Keizersgracht 474. From

I thought this photo looked pretty cool — and close to the current structure of the CC. But when I actually read the Wikipedia entry that was using this photo…imagine my surprise when I read that the above loft stands of what used to be the residence of Sara Rothé and her husband Jacob Ploos van Amstel.

In terms of who these folks are….Sara Rothé was a well known art collector during the early 18th century…and is also known to have owned dollhouses that are currently on display in museums in the Netherlands. She actually owned two dollhouses — which were actually finely carved cabinets with rooms that she decorated with exquisite miniatures. It was considered fashionable at the time to have such pieces for display as a sign of wealth. But Sara Rothé continued to add and improve on her collection until her untimely death.

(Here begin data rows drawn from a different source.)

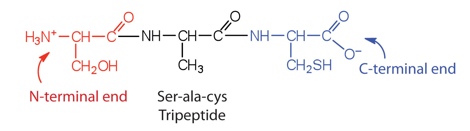 A chain consisting of only two amino acid units is called a dipeptide; a chain consisting of three is a tripeptide. By convention, peptide and protein structures are depicted with the amino acid whose amino group is free (the N-terminal end) on the left and the amino acid with a free carboxyl group (the C-terminal end) to the right.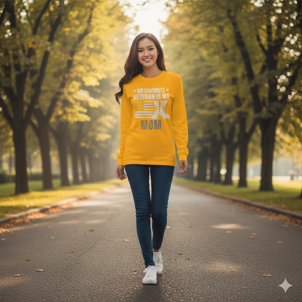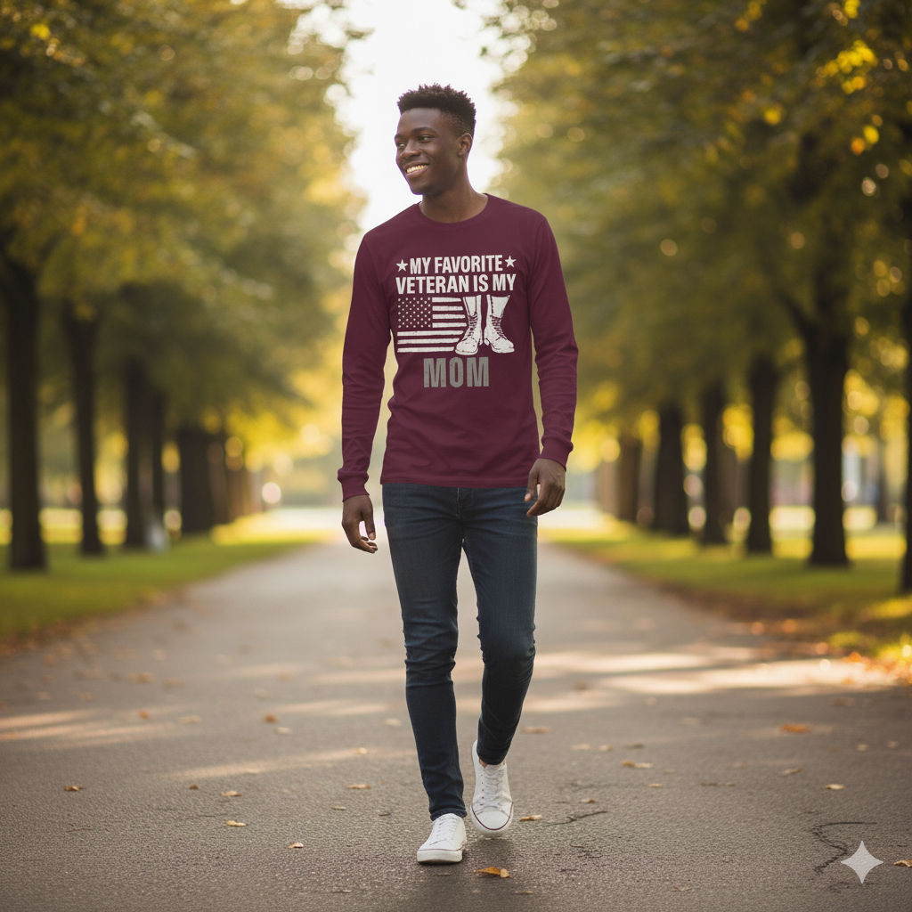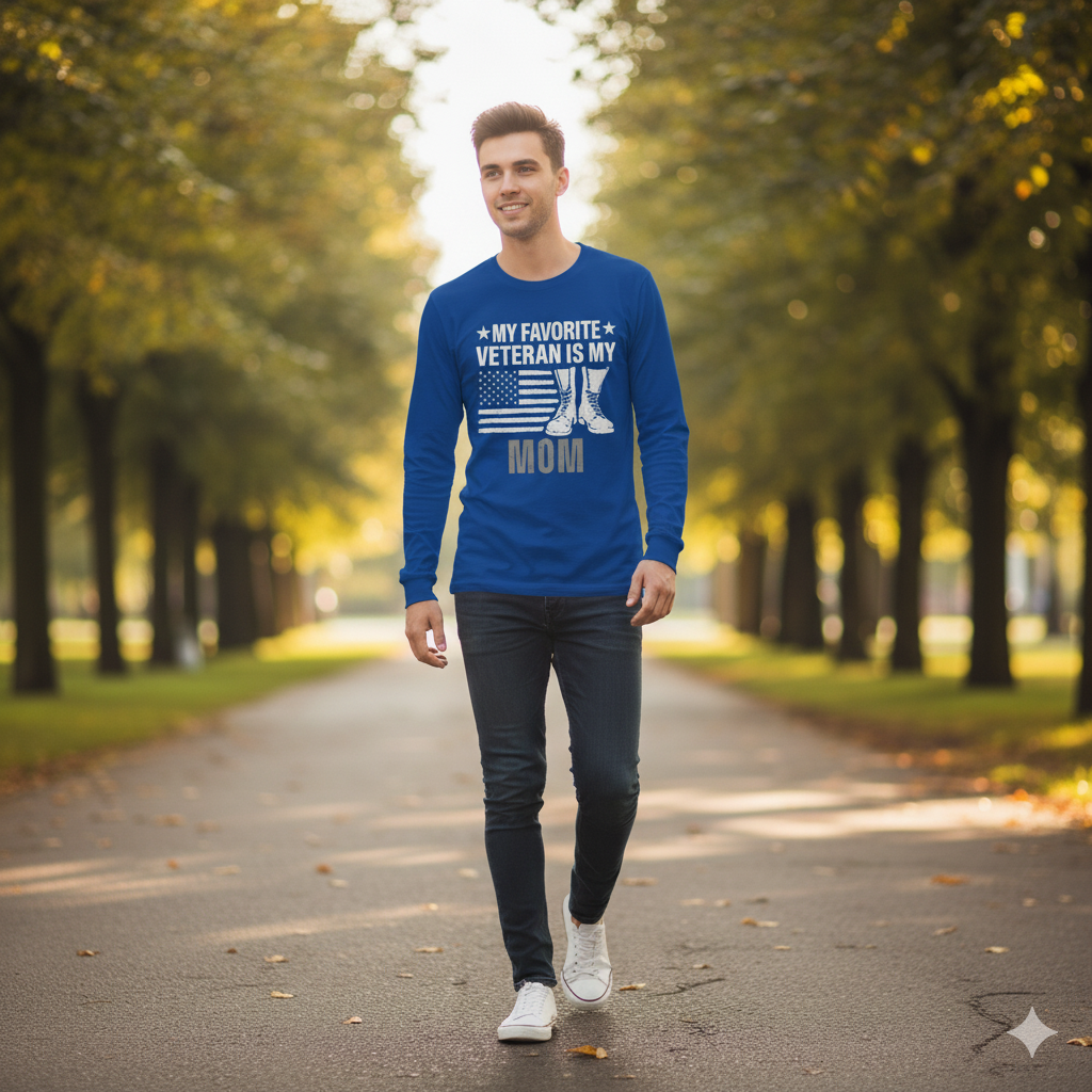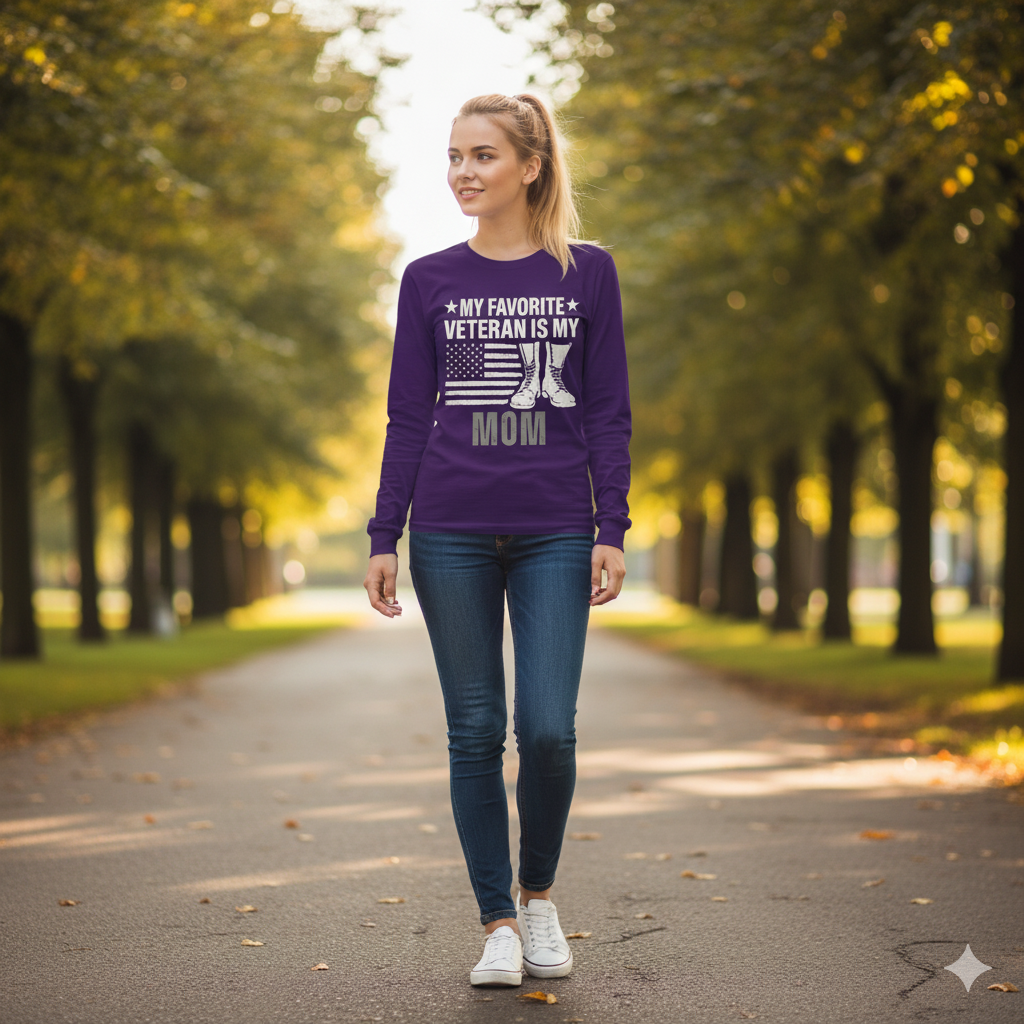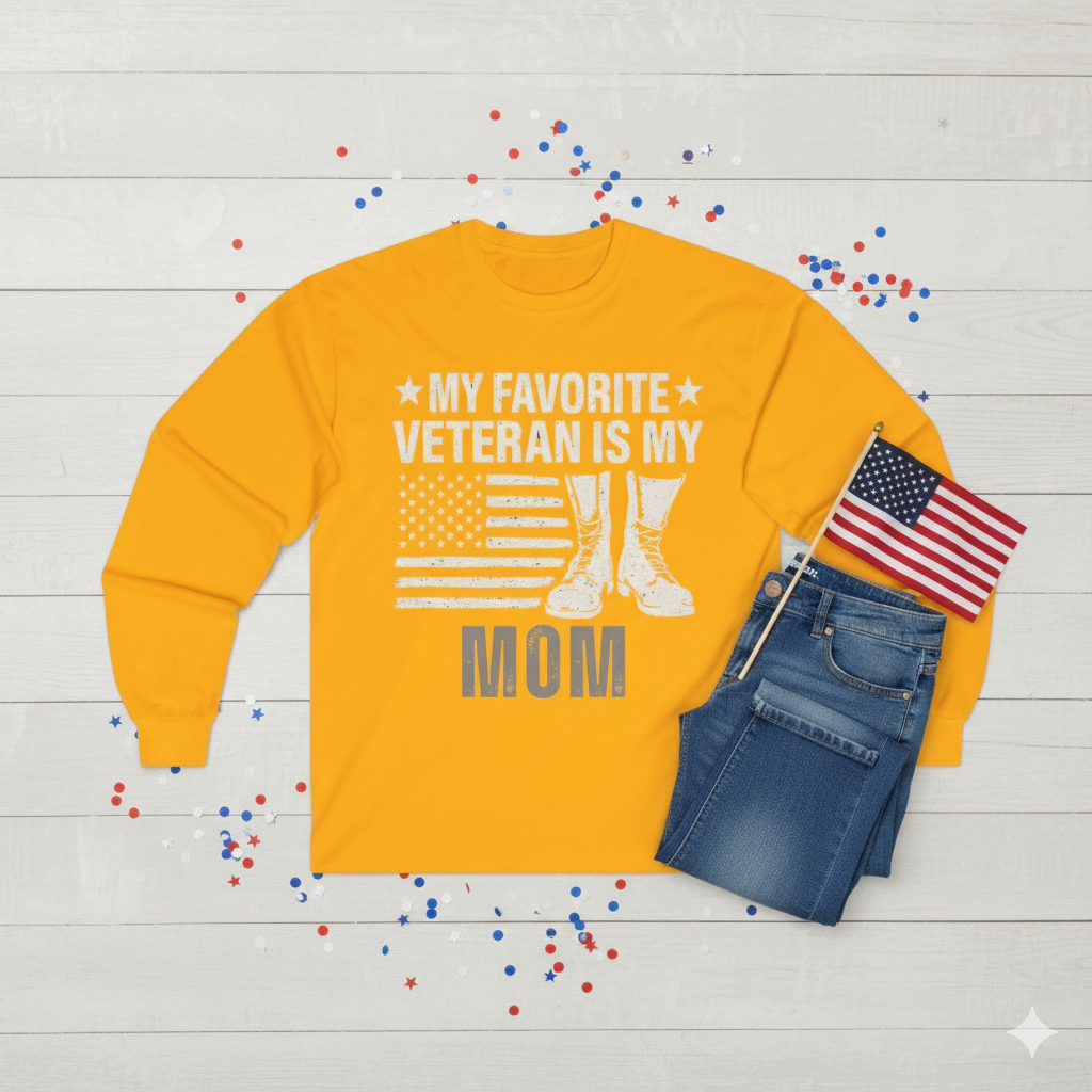 Step out with pride and gratitude in this heartfelt “My Favorite Veteran Is My Mom” sweatshirt. Perfect for Veteran’s Day, family gatherings, or everyday wear — it’s more than fabric, it’s a tribute.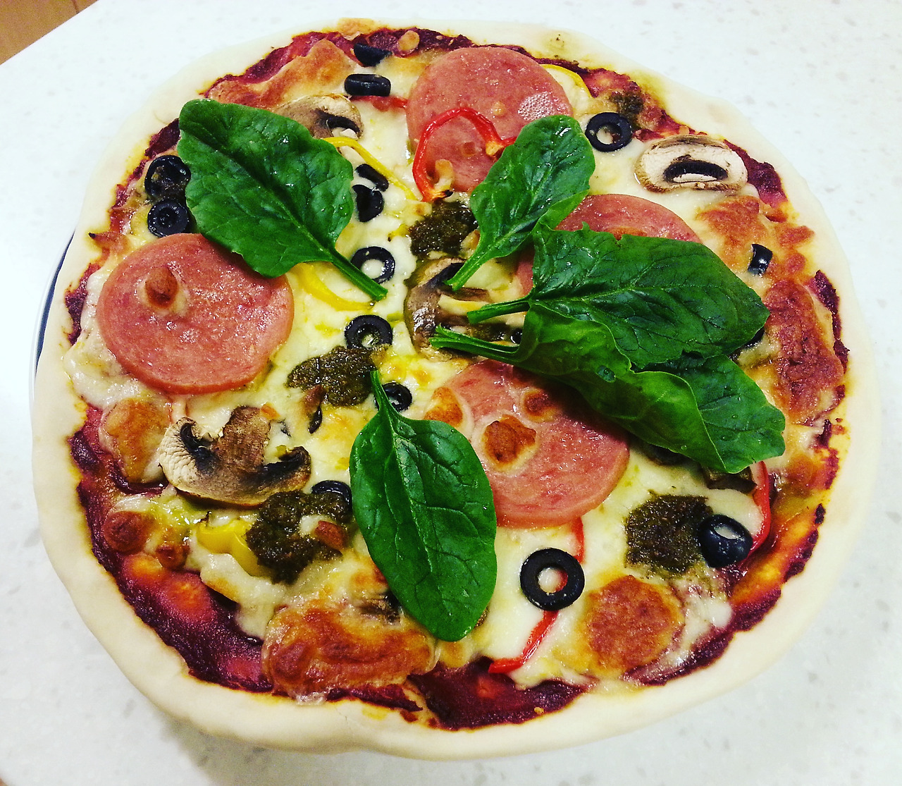 (재료) 밀가루, 이스트, 소금, 올리브 오일, 생 토마토, 마늘, 토마토 페이스트, 치즈, 토핑 재료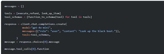 但目前这个循环忽略了函数调用,所以我们需要添加一下。模型要求函数被格式化为函数模式。为了方便,我们可以定义一个辅助函数,将 Python 函数转换为相应的函数模式。

((In)Decorous actually wrote an excellent entry on Lady Rothé’s dollhouses — they’re definitely a sight to behold!)

So I’m kinda finding this ironic on so many levels. That I’m using for my cabinet dollhouse kit an image of a modern loft where over 2 centuries ago, a fellow miniature collector once lived. And owned cabinets that were essentially dollhouses. Weirded out perhaps, but hopefully what I did next would have met Lady Rothé’s approval.

After unscrewing the front panel of the CC, I took a ruler and pencil and marked where the second and third floors are located. Once that was marked, I used one of the French sliding doors to trace the opening I’ll need to cut out. A quilting ruler was used to make sure everything was square and even against the edges of the panel.

Tracing out the openings using the french sliding doors.

Tracing out the openings using the french sliding doors.

Once the tracing was completed, it was time to start cutting. I didn’t have any fancy power tools to make it easy for me. Had to make do with my trusty box cutter and a box of replacement blades (yay for Home Depot! No, that wasn’t an attempt to get their attention so they can give me free stuff. Though gift cards would be nice).

Making the openings the old-fashioned way.

Making the openings the old-fashioned way.

After 2 hours of constant cutting, it was done. I had the TV running on the background to help pass the time — though I should have changed the channel instead of leaving it on the Cooking Channel. Was craving a bunch of random dishes by the time I made the new openings.

Woot! It's done!

Woot! It’s done!

The openings were then sanded down before I put the windows to test them out….and capital! They fit!

Woot again!

Woot again!

But as you can see in the above photo, there’s those pesky openings that are flanking the new windows. Luckily this was a (somewhat) relatively easy fix.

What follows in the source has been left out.